### About this exercise
In your copy, include every record exactly and no pictures.

### Supplied data
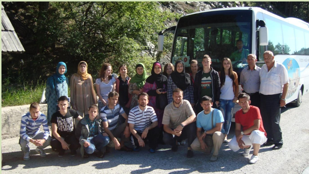
Višegrad – oproštaj od ekipe iz Sandžaka (R. Srbije)
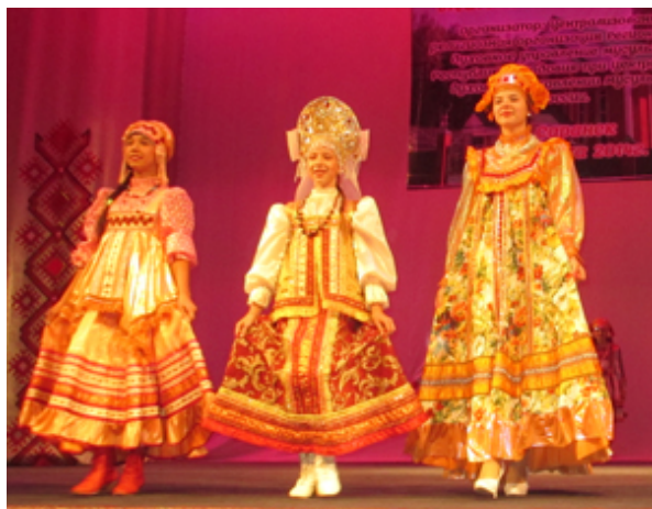
«Ташкент» Республикасы, «Ташкент» Республикасы, «Ташкент» Республикасы»
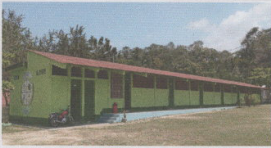
1.1. Sustitución de lámina, por lámina troquelada aluzinc calibre 26.
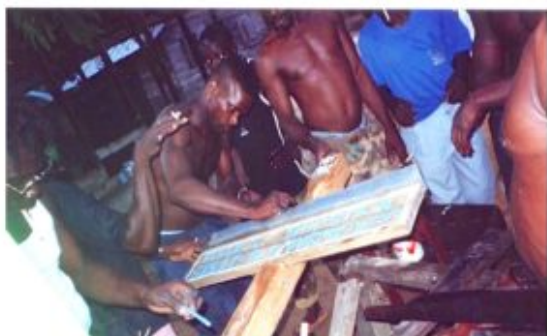
Afbeelding 22: Maken van een 'grafpaal' ter gelegenheid van Sursie's aitidei (Yvon van der Pijl)

Maken van een 'grafpaal' ter gelegenheid van Sursie's aitidei - Foto: Yvon van der Pijl

### Task output
Višegrad – oproštaj od ekipe iz Sandžaka (R. Srbije)
«Ташкент» Республикасы, «Ташкент» Республикасы, «Ташкент» Республикасы»
1.1. Sustitución de lámina, por lámina troquelada aluzinc calibre 26.
Afbeelding 22: Maken van een 'grafpaal' ter gelegenheid van Sursie's aitidei (Yvon van der Pijl)

Maken van een 'grafpaal' ter gelegenheid van Sursie's aitidei - Foto: Yvon van der Pijl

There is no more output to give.